AT&T to offer up to $450 in credit to T-Mobile customers who switch over

AT&T Mobility (NYSE:T) is ratcheting up its battle against T-Mobile US (NYSE:TMUS) by offering up to $450 in credit to customers who switch from T-Mobile to AT&T and trade in their smartphones.

Starting today and for a limited time, AT&T said it will give T-Mobile customers $200 in credit per line when they switch to AT&T and choose an AT&T Next device financing plan, buy a device at full retail price or activate a device they currently own. Customers must maintain service and good standing status for 90 days to receive the credit, AT&T said.

Additionally, AT&T is offering T-Mobile customers who switch the ability to trade in their current smartphone for a promotion card worth up to $250, which can be used toward AT&T products and services. AT&T said trade-in values will vary based on the make, model and age of the smartphone, "but many of the latest and most popular smartphones will qualify for a value of $250." AT&T did not say which ones.

AT&T pointed out in a press release that its LTE network now covers 270 million POPs. T-Mobile's LTE network is smaller right now, covering around 203 million POPs.

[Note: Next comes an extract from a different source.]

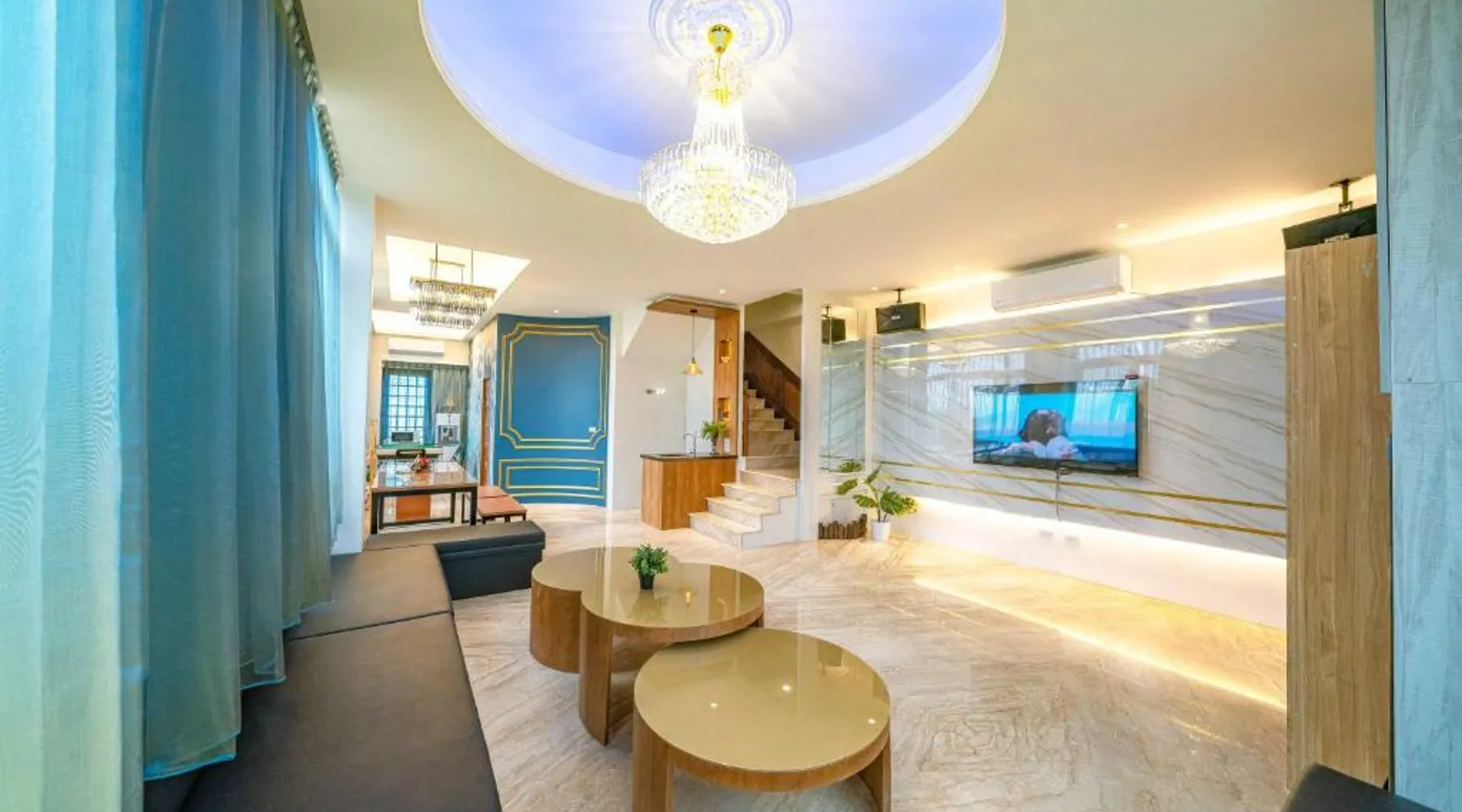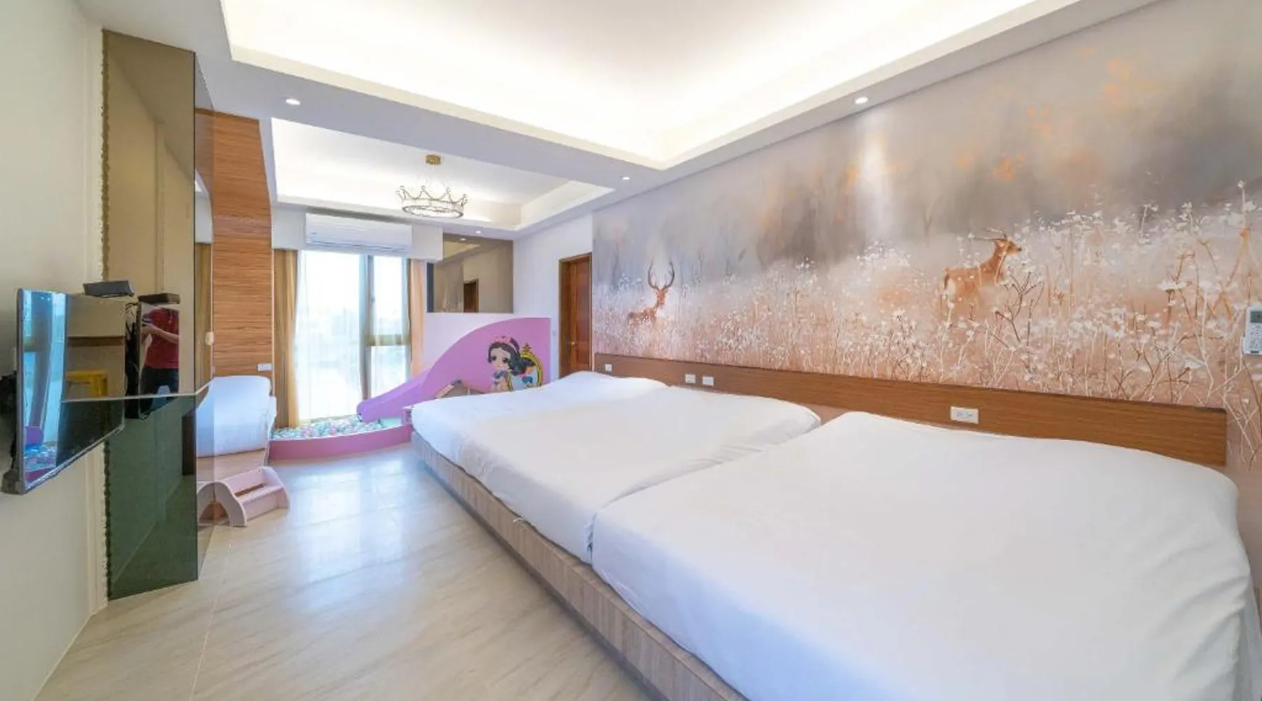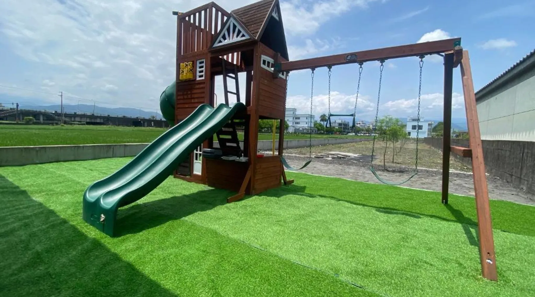 Spacious Accommodations: 慕研民宿 包棟 KTV 游泳池 羅東運動公園 22p in Yilan City offers a spacious villa with five bedrooms and five bathrooms. The property features a living room, dining area, and a fully equipped kitchen. Outdoor Amenities: Guests can enjoy a garden, terrace, and private pool. The villa includes an indoor play area, outdoor seating, picnic area, and children's playground. Free WiFi is available throughout the property. Convenient Location: Located 38 mi from Taipei Songshan Airport, the villa is 2.8 mi from Luodong Railway Station and 13 mi from Jiaoxi Railway Station. Hiking trails surround the property, providing ample outdoor activities. Guest Satisfaction: Highly rated for room comfort, bed comfort, and room cleanliness, the villa ensures a pleasant stay for all visitors. This villa features a private pool. This spacious villa features 1 living room, 5 separate bedrooms and 5 bathrooms with a shower and free toiletries. Guests will find kitchenware in the kitchen. The villa also comes with a barbecue. Boasting a terrace with garden views, this villa also features air conditioning and a flat-screen TV. The unit has 13 beds.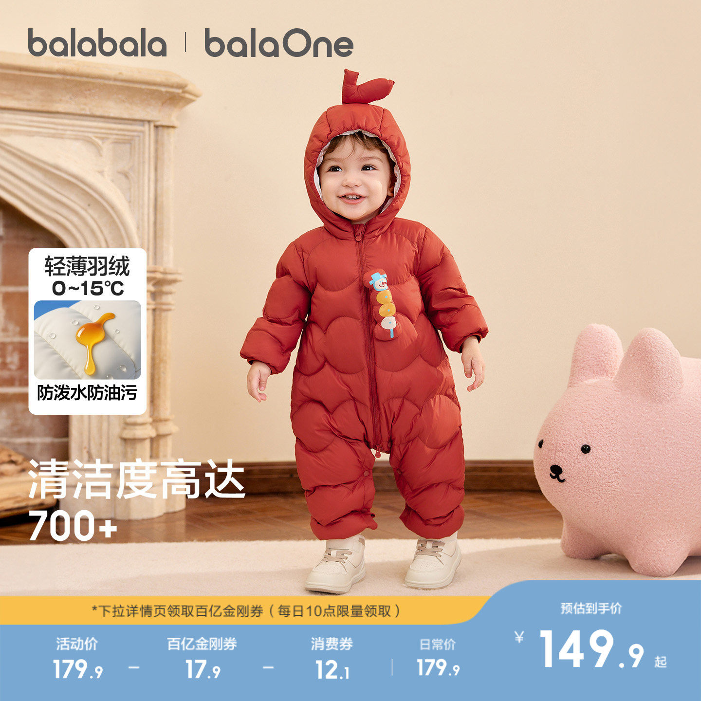 巴拉巴拉儿童轻薄羽绒服男女童婴儿连体衣2025新款宝宝冬装造型萌

AT&T's offer highlights the increasingly contentious marketing battles among the nation's top carriers, and could also represent AT&T's efforts to stymie T-Mobile's impressive growth during the past several months. Additionally, the offer comes amid swirling rumors that T-Mobile plans to introduce a plan next week at the Consumer Electronics Show aimed at getting families to switch over to its network.

Indeed, commenting on a GeekWire report hinting at AT&T's new switching offer, Legere on Twitter said "Hmmm…if this rumor is true, I guess we are making AT&T a bit nervous. Good to know!"

AT&T, for its part, claims its new offer is not a pre-emptive strike against any T-Mobile plan. "Wireless has always been a very competitive industry and a move like this should not be unexpected," AT&T spokesman Mark Siegel told CNET. "As you know, there are handset promotions all the time."

He also said that "while this promotion is targeted to T-Mobile customers, Sprint and Verizon customers can get a minimum $100 trade-in when they choose Next, plus pay only $25 per smartphone on Mobile Share Value plans."

In a recent Twitter post, T-Mobile CEO John Legere said one of his 2014 New Year's resolutions is to "unshackle the family," presumably meaning family plans at other carriers. How T-Mobile might target such plans is still up in the air, but TMoNews recently reported on what might be in store. The blog cited an anonymous tipster who said that T-Mobile is working on a project codenamed "Houdini" that will give switchers up to $350 in credit when they switch to T-Mobile.

The tipster said the "emphasis will be on families switching" up to five lines regardless of when their contracts end. Further, the blog said that, according to the source, new customers will receive instant credit when they trade in a smartphone, then get a credit for the early termination charged by their old carrier when they submit the final bill to T-Mobile.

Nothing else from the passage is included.